_Source data_
------------

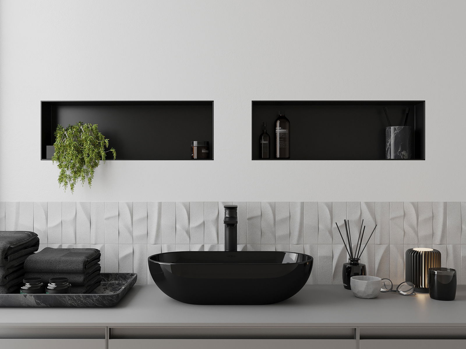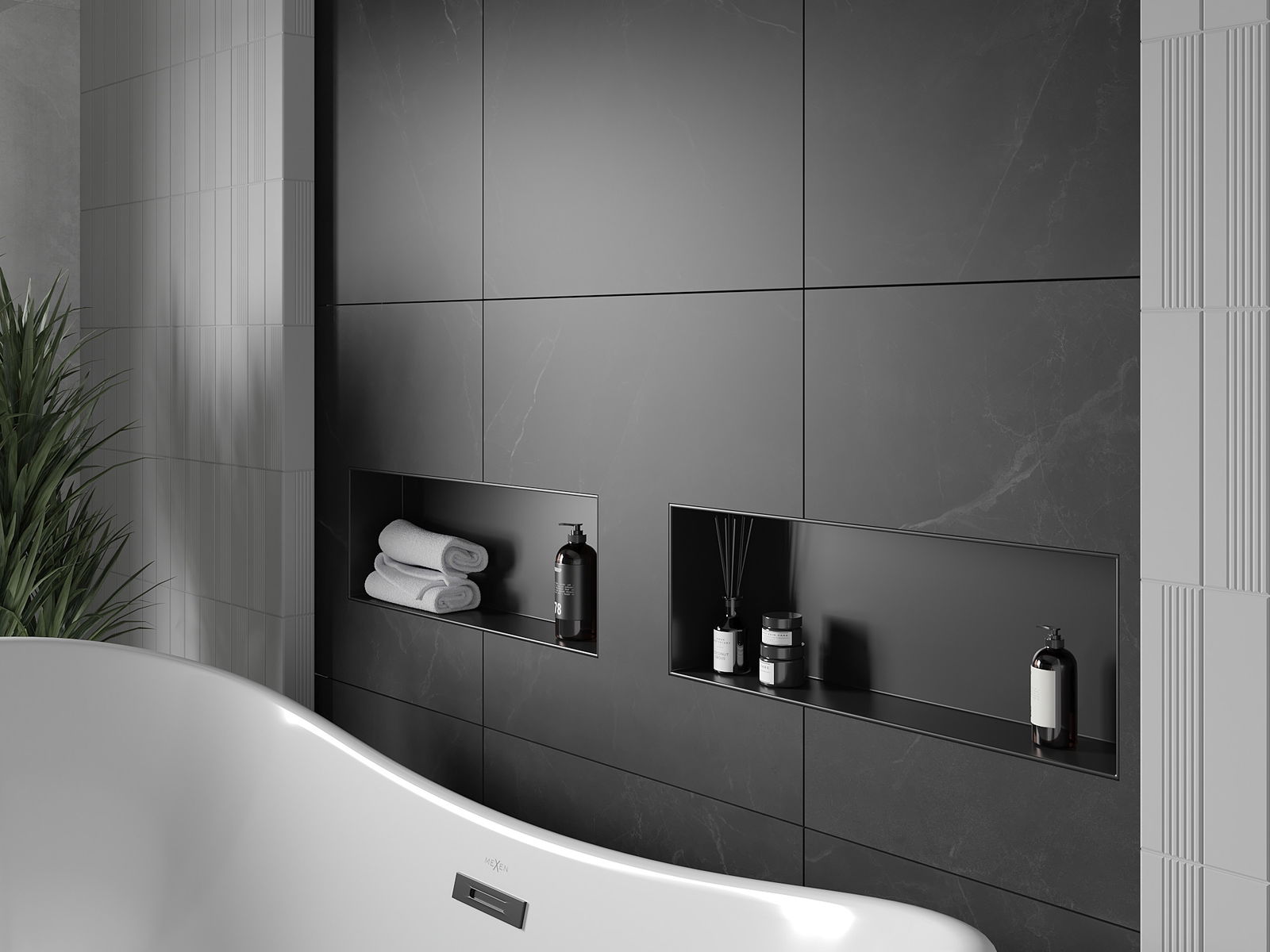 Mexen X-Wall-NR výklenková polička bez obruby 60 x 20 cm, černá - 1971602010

------------

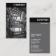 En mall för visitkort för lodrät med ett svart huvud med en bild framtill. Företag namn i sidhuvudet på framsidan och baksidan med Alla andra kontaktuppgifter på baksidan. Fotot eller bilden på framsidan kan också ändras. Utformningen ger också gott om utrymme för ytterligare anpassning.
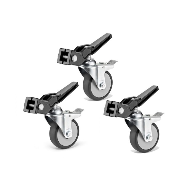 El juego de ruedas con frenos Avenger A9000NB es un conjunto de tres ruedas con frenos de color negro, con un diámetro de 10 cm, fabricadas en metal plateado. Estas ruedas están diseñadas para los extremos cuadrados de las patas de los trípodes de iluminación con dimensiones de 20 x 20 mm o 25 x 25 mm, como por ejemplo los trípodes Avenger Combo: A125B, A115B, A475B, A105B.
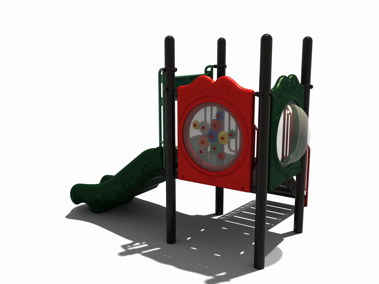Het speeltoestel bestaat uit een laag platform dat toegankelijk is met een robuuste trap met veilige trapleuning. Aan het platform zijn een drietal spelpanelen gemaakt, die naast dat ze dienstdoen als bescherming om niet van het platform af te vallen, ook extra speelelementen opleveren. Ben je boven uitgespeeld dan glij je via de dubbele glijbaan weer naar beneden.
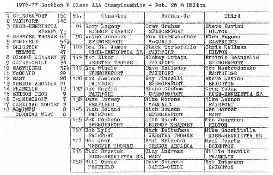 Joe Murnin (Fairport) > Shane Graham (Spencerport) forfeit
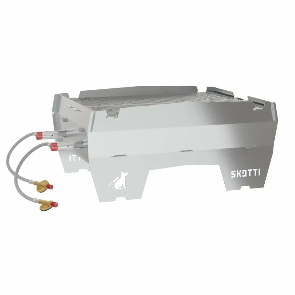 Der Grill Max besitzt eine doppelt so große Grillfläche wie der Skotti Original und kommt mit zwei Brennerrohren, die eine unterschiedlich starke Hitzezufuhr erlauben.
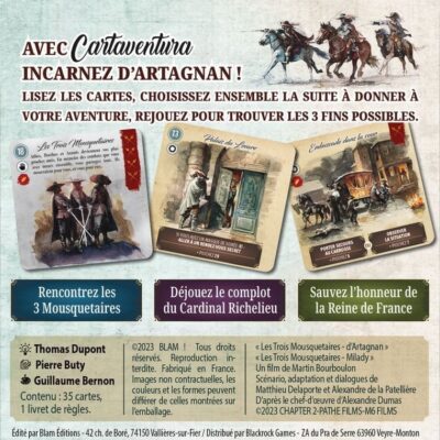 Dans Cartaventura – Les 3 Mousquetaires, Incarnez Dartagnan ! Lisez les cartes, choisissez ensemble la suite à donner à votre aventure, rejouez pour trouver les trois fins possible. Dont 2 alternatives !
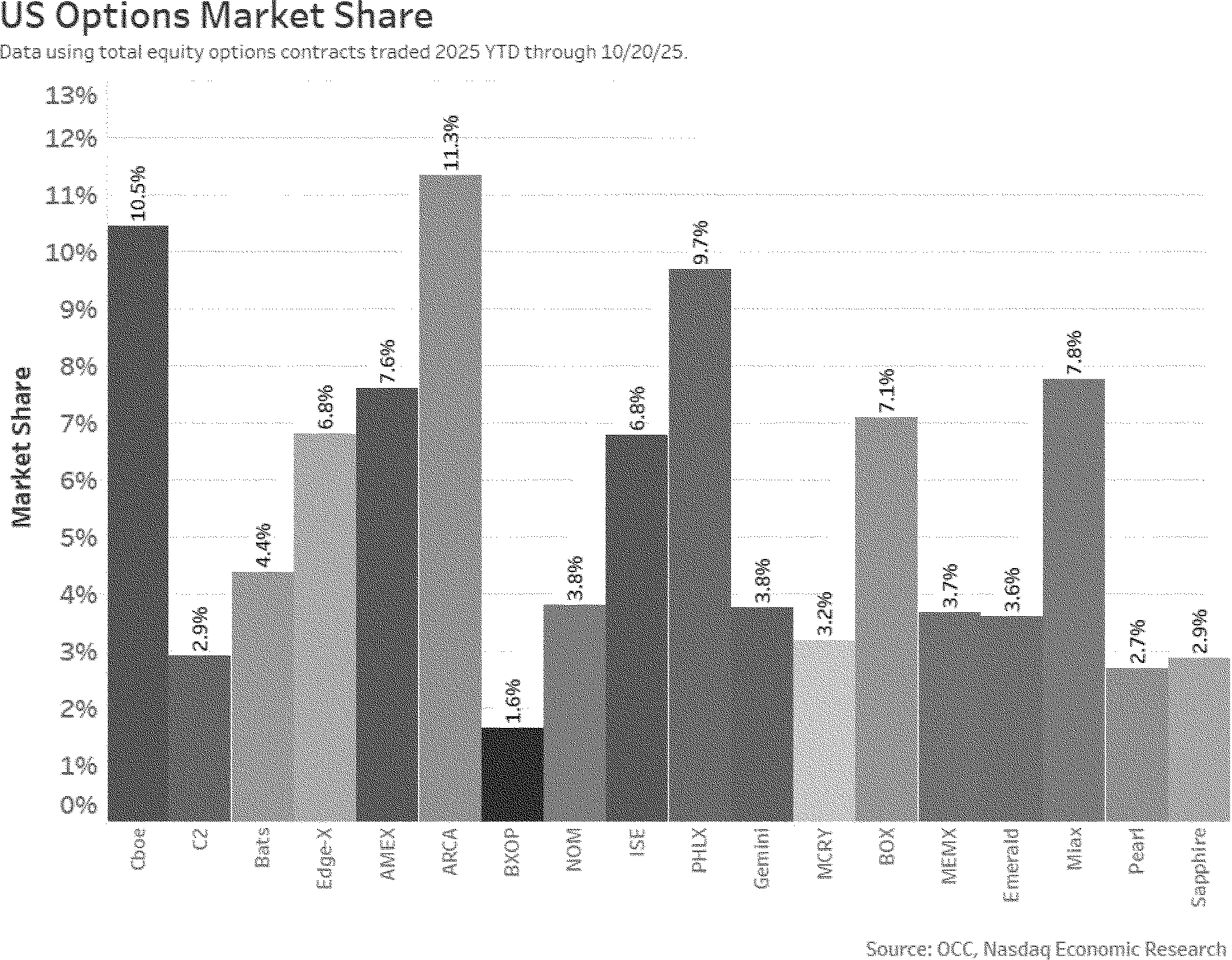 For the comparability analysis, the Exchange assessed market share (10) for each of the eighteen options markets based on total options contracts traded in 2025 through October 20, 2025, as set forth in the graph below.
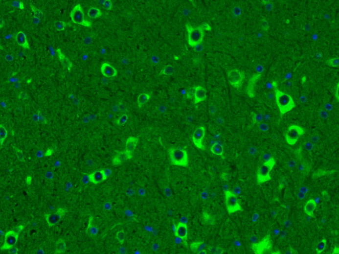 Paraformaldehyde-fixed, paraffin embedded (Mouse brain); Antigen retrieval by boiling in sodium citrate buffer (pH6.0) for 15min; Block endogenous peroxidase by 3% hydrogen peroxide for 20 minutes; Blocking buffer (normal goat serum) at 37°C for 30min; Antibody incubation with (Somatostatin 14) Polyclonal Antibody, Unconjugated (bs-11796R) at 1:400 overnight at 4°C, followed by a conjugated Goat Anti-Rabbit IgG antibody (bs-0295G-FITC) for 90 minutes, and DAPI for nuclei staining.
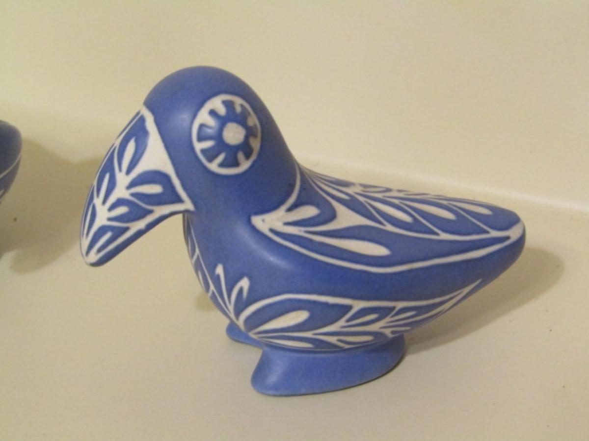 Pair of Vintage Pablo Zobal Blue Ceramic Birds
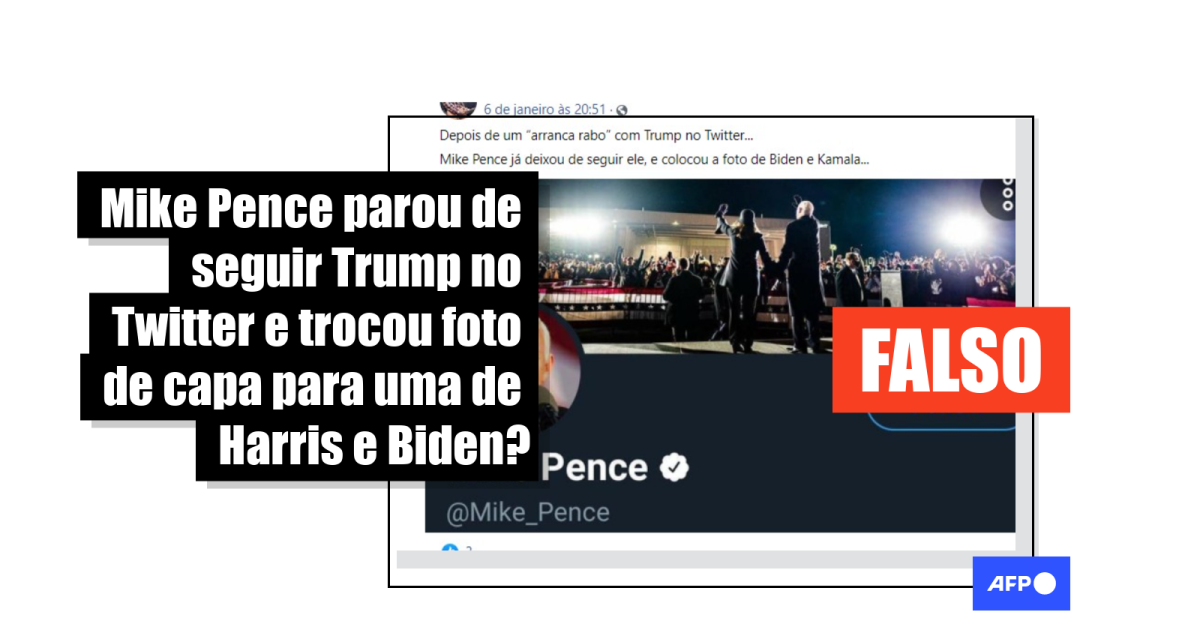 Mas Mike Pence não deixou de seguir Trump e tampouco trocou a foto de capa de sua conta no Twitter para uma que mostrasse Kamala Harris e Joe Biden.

------------

_Task objective_
From the records above, give again only the part that opens with the line containing "Pair of Vintage" and closes with the line containing "Mas Mike Pence". Keep both ends but drop the pictures.

_Final answer_
 Pair of Vintage Pablo Zobal Blue Ceramic Birds
 Mas Mike Pence não deixou de seguir Trump e tampouco trocou a foto de capa de sua conta no Twitter para uma que mostrasse Kamala Harris e Joe Biden.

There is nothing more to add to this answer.